Area schools meet vaccination mark

Ben Zigterman GateHouse Media Illinois

GALESBURG — While at most local schools over 95 percent of students received their required vaccinations, in the 2014–15 school year only 78.8 percent of students at Galesburg Christian School received their measles, mumps and rubella vaccinations.

Galesburg Christian School saw a drop in 2014–15 from 96.6 percent in 2013–14 and 97.4 percent in 2012–13, according to data from the Illinois State Board of Education. Vaccination data for the 2015–16 school year hasn't been released yet.

At Galesburg Christian School, a handful of families are opposed to vaccinations, Head of School Robert Nutzhorn said.

"I think there's just a handful of families, but just a handful of families makes a big difference in a school of 120," Nutzhorn said. 

Of the 66 students who were required to get the measles, mumps and rubella vaccinations at GCS, 14 did not. Two had religious objections, six didn't for medical reasons and six had doctor's notes indicating a schedule for when they would receive their vaccinations.

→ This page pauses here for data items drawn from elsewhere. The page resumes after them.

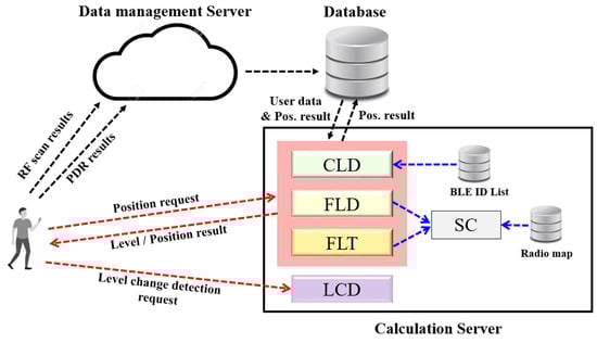 Figure 3 shows the data transmission and location request processes of the proposed system. The proposed system estimates the 3D positions of multiple users in real time using a cloud platform. It uses two servers. Separating the data management server that manages the transmitted user data from the location calculation server that responds to the user’s location request facilitates data management and responds to the user’s location request more quickly. Mobile devices transmit RF data and PDR results to the data management server. RF data were sampled every 0.2 s, and five BLE vectors were collected and transmitted every second. The PDR results comprise the step index, step length, and heading, and five sets of PDR results were collected and transmitted. The data management server stores the data received from multiple users in the database. In the calculation server, a position estimation module suitable for the current phase is performed for each user. As described, there are four localization modules in the calculation server. Each module was executed according to the user’s conditions. In addition, the BLE installation table, which stores information on the BLE installed on each floor, and the radio map, which stores RSSI spatial patterns, are also included in the server.
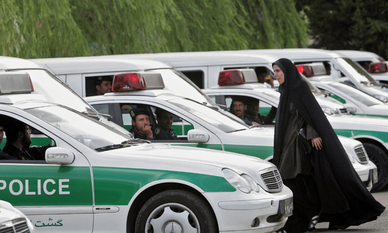 ایرانی خاتون کا غیراخلاقی احتجاج، پولیس اہلکار گرفتاری میں ہچکچاہٹ کا شکار
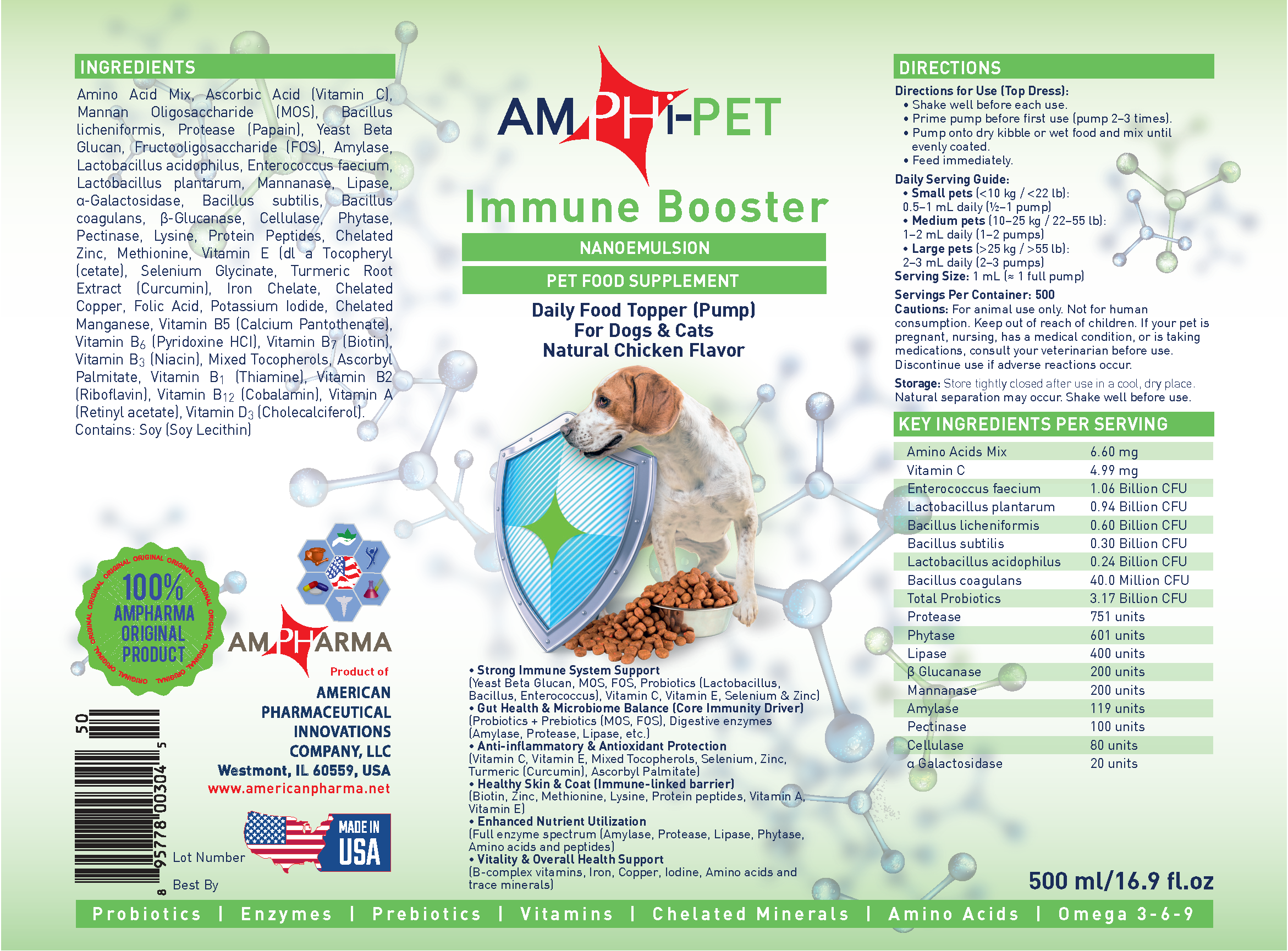 - AmphiPET Immune Booster nanoemulsion liquid is a premium immune-support formula for pets, designed to strengthen natural defenses, protect against infections, and promote vitality. It combines antioxidants, omega fatty acids, prebiotics, vitamins, chelated minerals, amino acids and turmeric extract to enhance immune response and overall well-being.
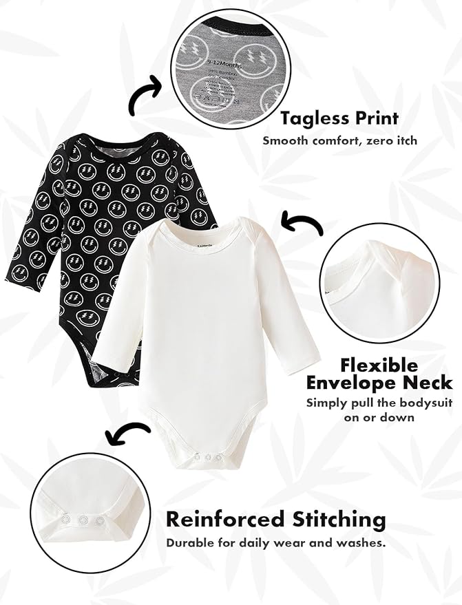 - More breathable and baby-friendly material- 94% Rayon Derived from Bamboo, 6% Spandex.Our newborn onsies unisex are soft and comfy for fall winter fun with baby.
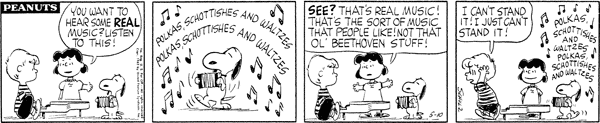 Luucy shows Snoop playing polkas, schottisches and waltzes to Schroed calling it real music that people like causing him to walk away.575
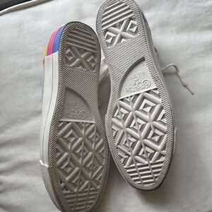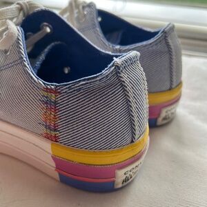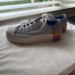 Step up your sneaker game with these fun and stylish Converse Chuck Taylor All Star platform sneakers! These are a women's size 7 and boast a vibrant blue and white speckled gradient design that's sure to turn heads. The heel is finished with the classic All Star logo, featuring cool pink, yellow, and blue stripes. The small platform provides a trendy boost in height and a modern feel.
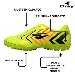 Com as chuteiras Dray com Tecnologia MOVE e Costura Frontal, você estará pronto para dominar o campo, com controle aprimorado e movimentação ágil que fazem a diferença no seu jogo. Escolha a qualidade e o estilo da Dray para elevar seu desempenho no futebol.
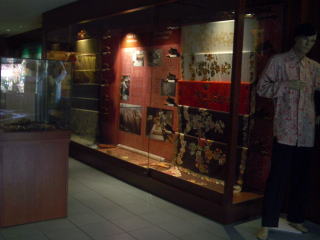 お隣りにあった人種、民族と衣料の博物館の内部 マレー民族と生活や織物などの歴史が豊富な資料で紹介されている。(1時間くらいで知識を仕入れる。) シンガポール、インドネシアにも住むマレー人(Orang Asli)とマレー文化を 全体から解説してくれるので、このエリアを旅する者には、ありがたい存在だ。 ベタリン街の北向かい"INTERNATIONAL MARKET"ここで、本物のバティックなどで目を肥やして クラフト・カルチュラル・クンプレクス(KLCC駅ツインタワー近く)のお店を視て歩くのがいいかも。 |
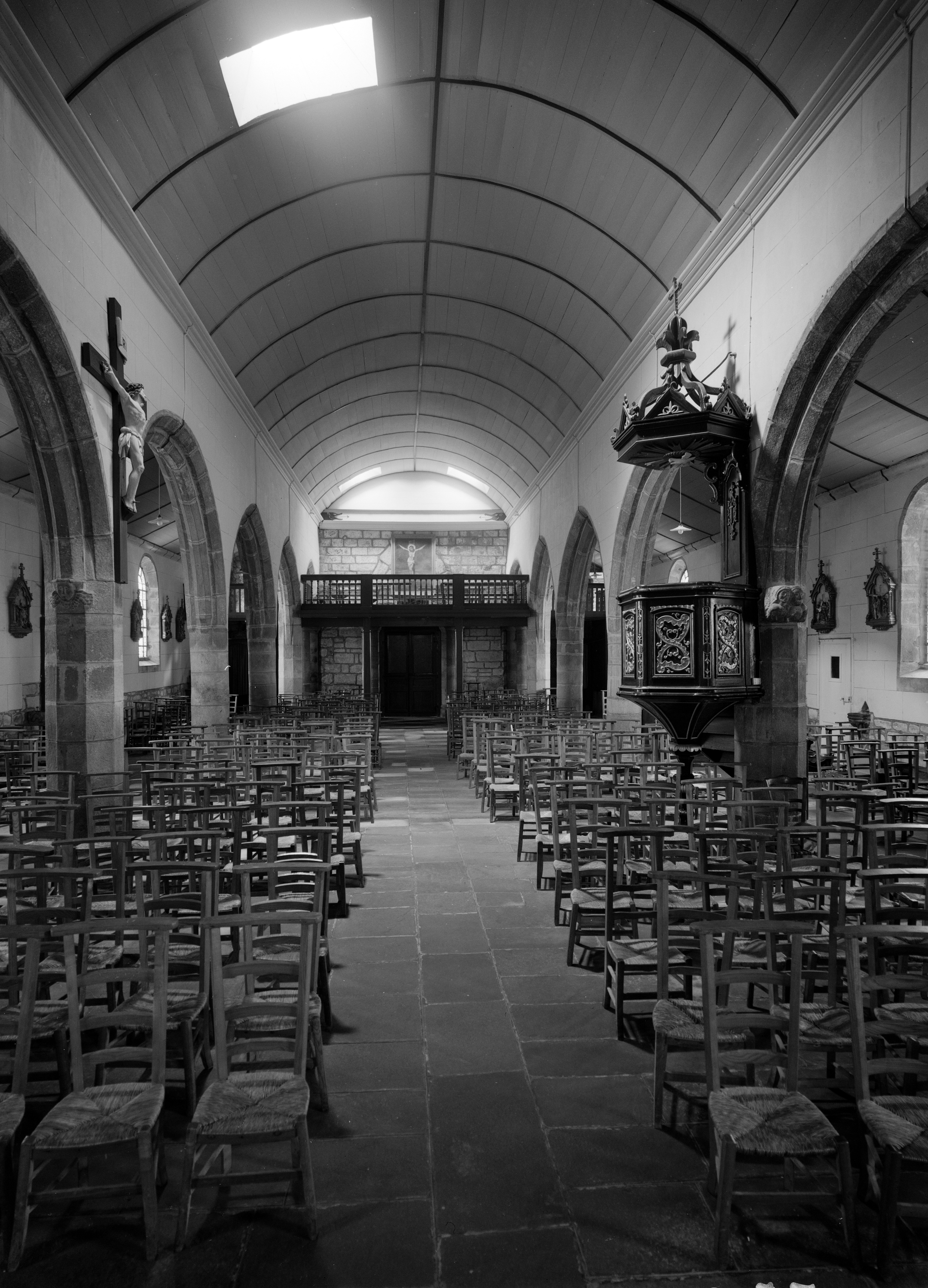 Vue intérieure de la nef vers l'ouest. (1977)Immatriculation
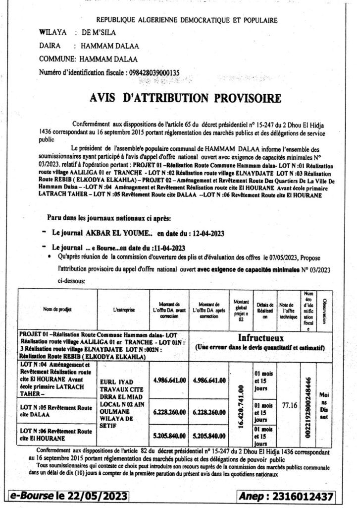 Avis d’attribution Provisoire: Réalisation Route Commune Hammam-Dalaa
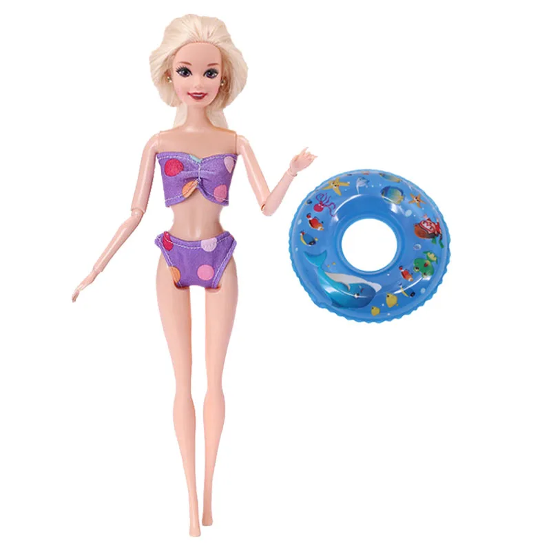 Бесплатная доставка, 2 шт. = 1 Кукольный купальник, пляжная одежда для купания, бикини, купальник + 1 плавающий буй, спасательное кольцо для куклы-Барби, игрушка для девочек
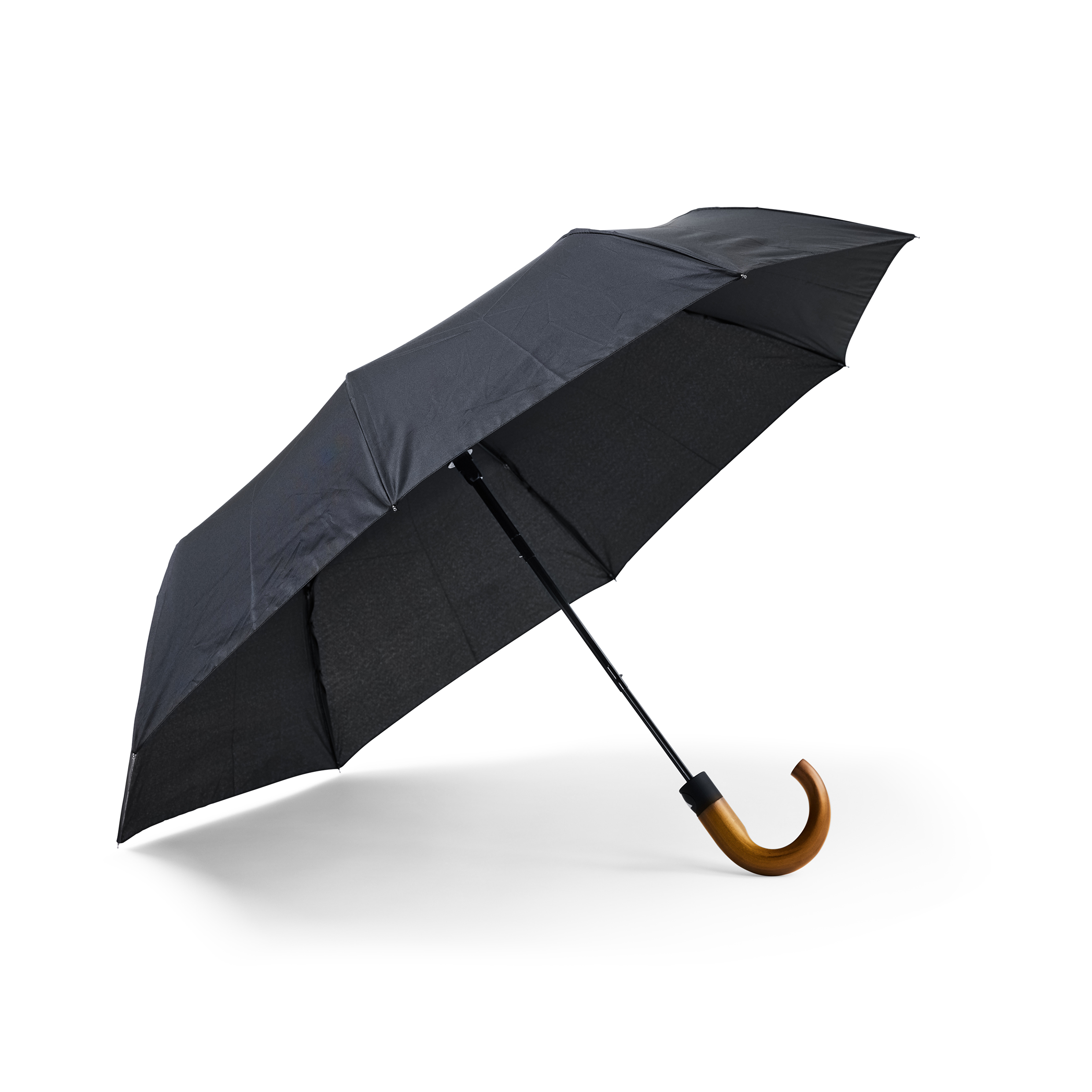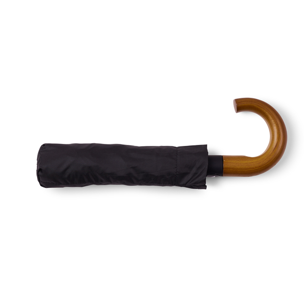 Article No. 20444602NEW! Bend is a sturdy compact umbrella with a solid wooden crook handle. What makes it special is that it is completely PFAS-free and made with care for both people and the environment. Instead of the traditional water-repellent treatment, an eco-friendly method without harmful chemicals is used – just as effective against rain, but much kinder to nature. The umbrella features panels made of R-PET fabric, providing a lower climate footprint and a more sustainable life cycle. The metal frame combined with graphite and fiberglass ribs at the tips makes the construction stronger and more resistant to wind. The panels are reversible, adding both function and style. Bend has an automatic opening mechanism and a three-section black steel shaft, making it practical, durable, and easy to carry wherever you go.
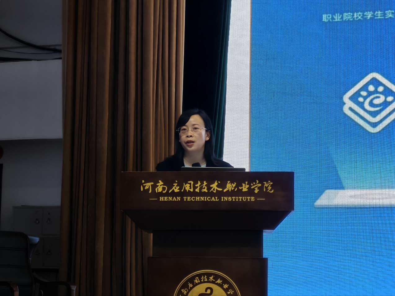 最后,茹巧荣老师对实习管理平台的使用方法进行培训。她分别对实习信息填报、协议签订、实习保险购买等进行具体说明,对相关材料的规范准备、提交节点及邮寄要求作出明确说明。同时,她对实习管理平台使用和管理做具体培训。
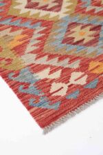 Afghanske kelimer er tradisjonelle håndvevde tepper fra Afghanistan, kjennetegnet ved sine livlige geometriske mønstre og farger. De er laget med flate vevteknikker, uten luv, som gir en glatt, slitesterk overflate. I motsetning til persiske tepper, som ofte har detaljerte blomsterdesign, har afghanske kelimer et mer rustikt og geometrisk utseende, inspirert av det nomadiske livet og de omkringliggende landskapene.
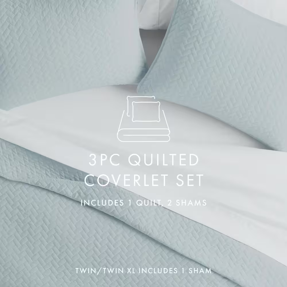 Pale Blue Herring Microfiber Quilted Queen Coverlet Set for Enhanced Performance
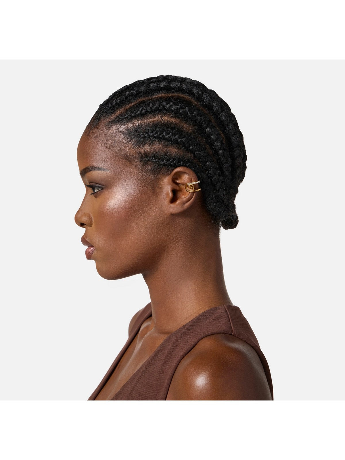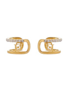 Orecchini earcuff ELISABETTA FRANCHI in metallo con finitura dorata, impreziositi dalle decorazioni in strass e dal doppio logo centrale.
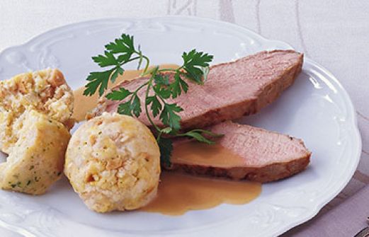 Kalbsbraten mit Semmelknödeln Zutaten 1 kg Kalbsbraten (z. B. Nuss oder Oberschale) Salz Pfeffer 2 EL Öl 150 ml trockener Weißwein (ersatzweise Kalbsfond) 250 ml Kalbsfond (Glas) 200 g Sahne 2 EL heller Saucenbinder 8-10 altbackene Brötchen (400 g) 1/4 l Milch 1 kleine Zwie [...]
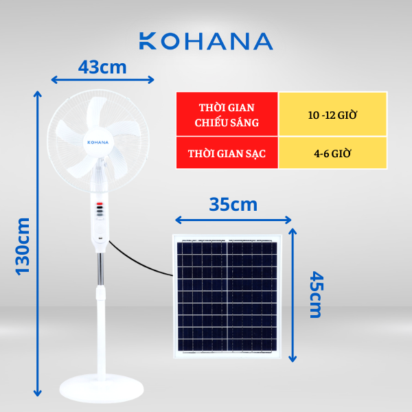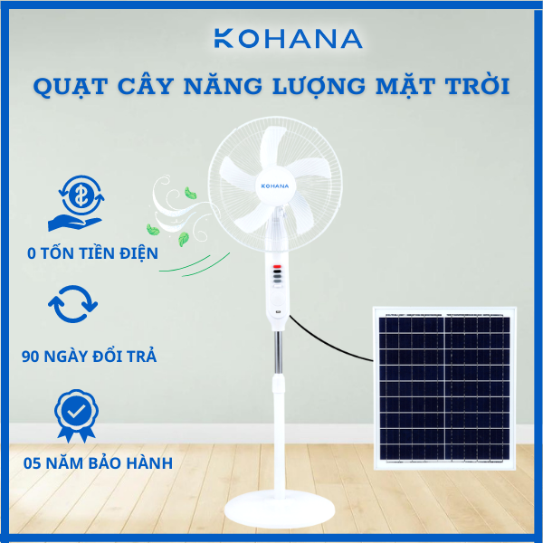 2. Độ bền từ 10 đến 12 năm: Quạt năng lượng mặt trời Kohana sở hữu bộ linh kiện tối tân nhất hiện nay, công nghệ sản xuất hiện đại, vì thế độ bền có thể lên tới 12 năm, lại không lo chập cháy, nổ do dây điện như quạt thông thường
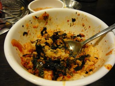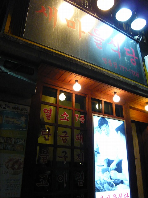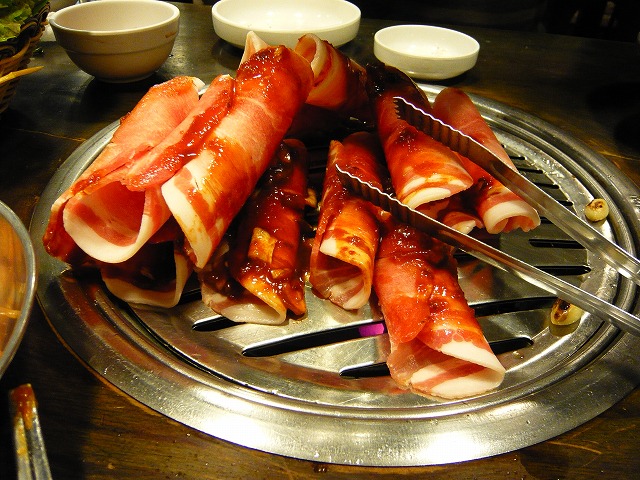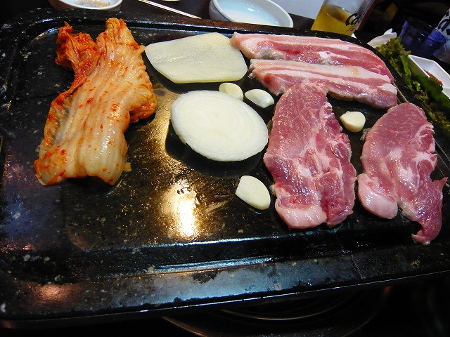 韓国通の人のお勧めで行ったお店。熱炭プルコギ・サムギョプサル・7分豚キムチを注文。熱炭プルコギは冷凍肉を薄く削ったものに辛いタレがかけてあります。サムギョプサルが好きなので頼んだけど、ここは首肉が人気のようで、みんな首肉を食べていました。失敗・・。サムギョプサルはイマイチでした。面白かったのが7分豚キムチ。小さい鍋に入った豚肉入りキムチチゲが出てきて、7分後にご飯にかけ、その上にノリを載せて食べるというものです。見栄えのいい料理ではありませんでしたが、おいしかったです。
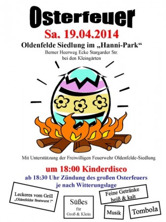 Das diesjährige Osterfeuer im Hanni-Park (Stargarder Str. / Ecke Berner Heerweg) findet am Ostersamstag, den 19.04.2014 ab 17.30 Uhr statt. Um 18.00 Uhr veranstalten wir im Bereich der Bühne eine Kinderdisco . Im Anschluss wird dann je nach Witterungslage, vermutlich gegen 18.30 Uhr, das große Feuer gezündet.

While GCS is adamant that students receive vaccinations, Nutzhorn says GCS tries to remain neutral on the issue.

"You either have to have a note stating objection from a doctor or the actual vaccination record. We are adamant about that," Nutzhorn said. "We try to stay neutral. We've had some of our parents try to convince us as an administration to take a stand one way or the other, but we feel the safest for us as a school is to stay neutral on the issue. We have some families that are adamantly for vaccinations and believe you are doing a disservice if you don't get a vaccination."

Some parents incorrectly believe that the measles vaccination causes autism. However, medical experts agree that there isn't a link between the vaccine and autism, including the Centers for Disease Control and Prevention and the American Academy of Pediatrics

Knox County Health Department Director of Health Protection Sam Jarvis recommends getting vaccinated.

"People think that a lot of these diseases have been eliminated and they haven't," Jarvis said. "It's very important that children and adults get vaccinated. It can protect them from life-threatening diseases, such as measles, polio. ..." 

The vaccination issue received national attention in 2015, when over 100 people became infected with measles in California, where some schools had vaccination rates as low as 50 percent, according to the Los Angeles Times.

The Illinois Department of Public Health recommends that schools have at least a 90 percent vaccination rate to build up herd immunity and prevent epidemics. 

In 2015, Illinois added a requirement that parents seeking religious exemptions for their child have a form signed by their doctor saying that they were counseled about the benefits of vaccinations and the health risks of not getting vaccinated. The form also lets parents know their student may be taken out of school if there's "a vaccine-preventable disease outbreak."

Thirty-six of 37 schools in the area have a 90 percent vaccination rate for measles, with Galesburg Christian School being the exception.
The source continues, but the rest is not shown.